Janusz Korczak, the pen name of Henryk Goldszmit (22 July 1878 or 1879 – 7 August 1942), was a Polish Jewish educator, children's author and pedagogue known as Pan Doktor ("Mr. Doctor") or Stary Doktor ("Old Doctor"). After spending many years working as a principal of an orphanage in Warsaw, he refused sanctuary repeatedly and stayed with his orphans when the entire population of the institution was sent from the Ghetto to the Treblinka extermination camp during the Grossaktion Warschau of 1942.

Biography
Korczak was born in Warsaw in 1878. He was unsure of his birth date, which he attributed to his father's failure to promptly acquire a birth certificate for him. His parents were Józef Goldszmit, a respected lawyer from a family of proponents of the haskalah, and Cecylia née Gębicka, daughter of a prominent Kalisz family. Born to a Jewish family, he was an agnostic in his later life. He did not believe in forcing religion on children. His father fell ill around 1890 and was admitted to a mental hospital, where he died six years later on 25 April 1896. Spacious apartments were given up on Miodowa street, then Świętojerska. As his family's financial situation worsened, Henryk, while still attending the gymnasium (the current ), began to work as a tutor for other pupils. In 1896 he debuted on the literary scene with a satirical text on raising children, Węzeł gordyjski (The Gordian Knot).

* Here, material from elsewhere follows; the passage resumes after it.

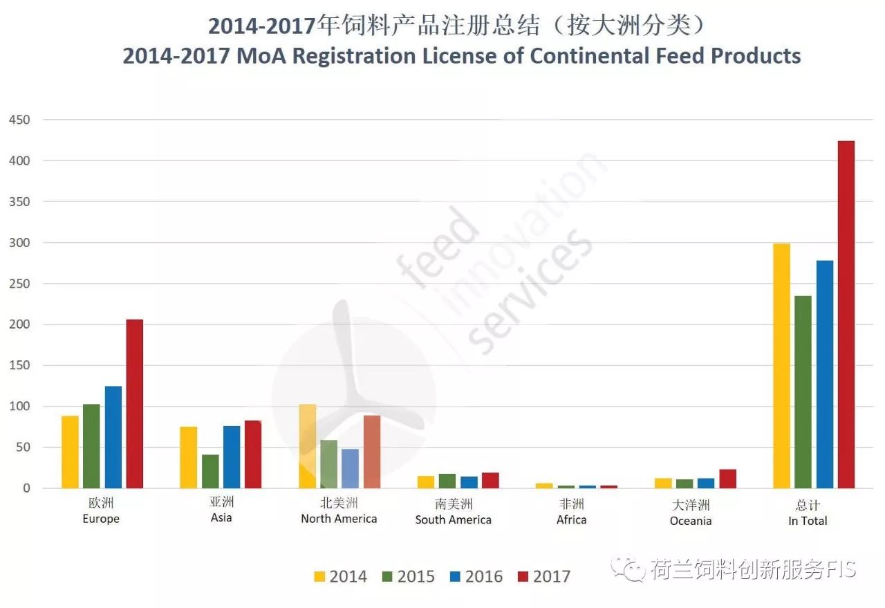 2014-2017年世界各大洲的国家都注册了多少饲料产品?

In 1898, he used Janusz Korczak as a pen name in the Ignacy Jan Paderewski Literary Contest. The name originated from the book O Janaszu Korczaku i pięknej Miecznikównie by Józef Ignacy Kraszewski. In the 1890s he studied in the Flying University. During the years 1898–1904 Korczak studied medicine at the University of Warsaw and also wrote for several Polish language newspapers. After graduation, he became a pediatrician. In 1905−1912 Korczak worked at Bersohns and Baumans Children's Hospital in Warsaw. During the Russo-Japanese War, in 1905–06 he served as a military doctor. Meanwhile, his book Child of the Drawing Room (Dziecko salonu) gained him some literary recognition. 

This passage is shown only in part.